Read Vampires: The Recent Undead Online
Authors: Paula Guran
Tags: #Romance, #Anthologies, #Horror, #Vampires, #Fantasy
It depends on if my grandmas got raped by the right sort of invaders?
Pretty much.
I’ll die otherwise, won’t I?
Yes. But that shouldn’t be why you choose to become a blood drinker, a nightwalker, an exile from every part of the daylight world.
It really isn’t all that bad being a vampire, but there are difficulties and the lifestyle should not be glamorized for potential newbies. No matter how much you want to share a coffin with them.
Can I stay with you if I change?
My heart sang at his question. And, oh, how my fangs ached!
Yes, I told him. For as long as you want. Forever if you want.
Forever sounds good to me. Do it.
Remember that it might not take. That—
Shut up and bite me.
I couldn’t argue with that. So I did.
And I’d never had a rush like it in all my years of sucking the good stuff! I couldn’t count the orgasms that shook me before every drop of him was flowing inside me.
I didn’t have to share my blood with him. Some sort of enzyme in my saliva was transferred to him from the bite and the enzyme would trigger the change if it was going to happen. But, just in case, I bit my wrist and poured a few drops of my blood into his mouth. Not that he was capable of swallowing. At this point he was essentially dead.

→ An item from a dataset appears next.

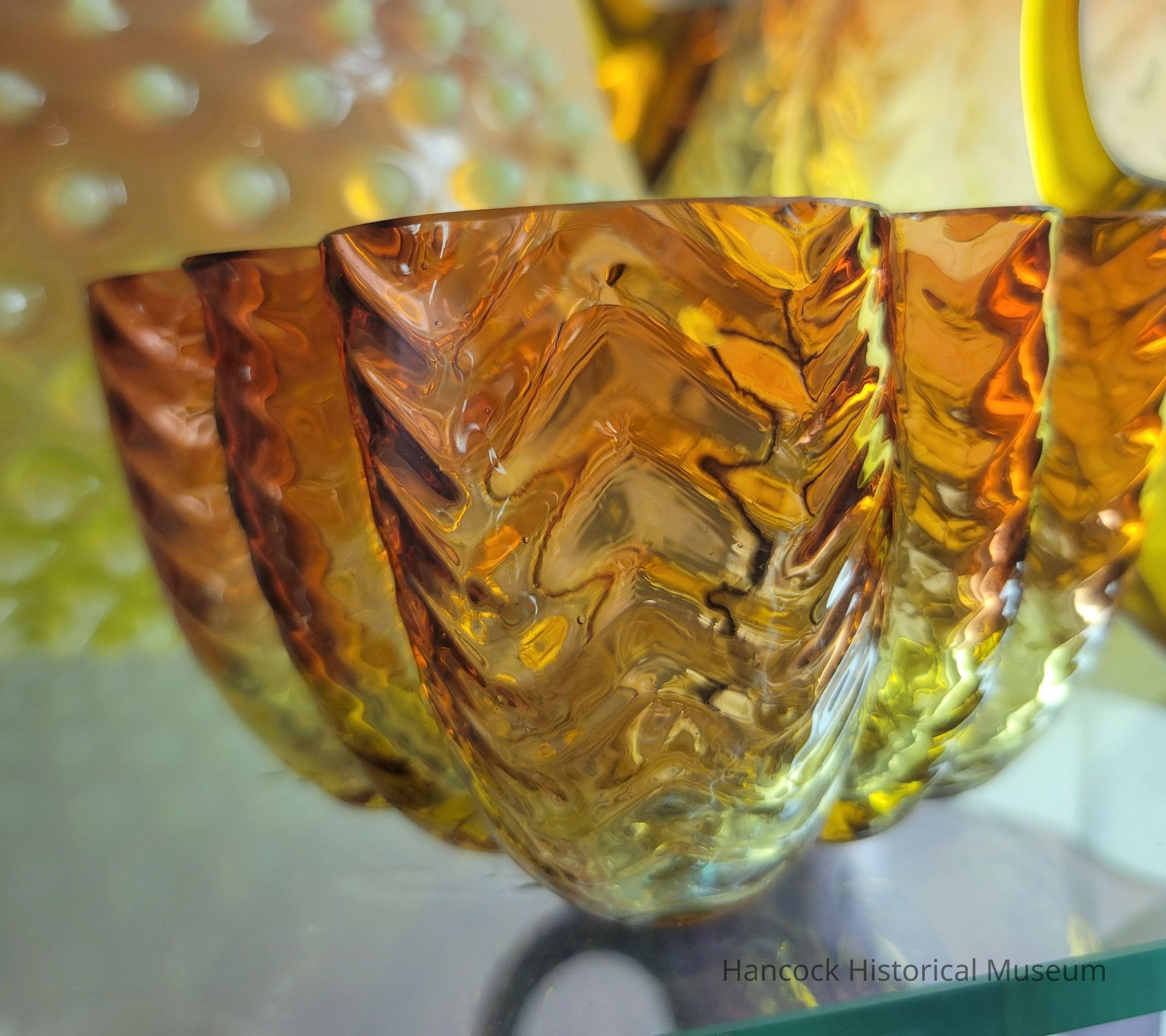 Glass finger bowl, Herringbone design, amberina.

He’d either get better or I’d have to dispose of his body in a way that the marks on his throat would never be seen.
I didn’t want to think about disposal. I didn’t want to think of him ever being dead. I held his limp body and felt it grow heavier and colder and worried and cried those disgusting blood-drenched vampire tears. I don’t know for how long. Long enough for my mood to turn bleak and heartbroken.
Long enough for me to be aware that the sun would be up in an hour or so.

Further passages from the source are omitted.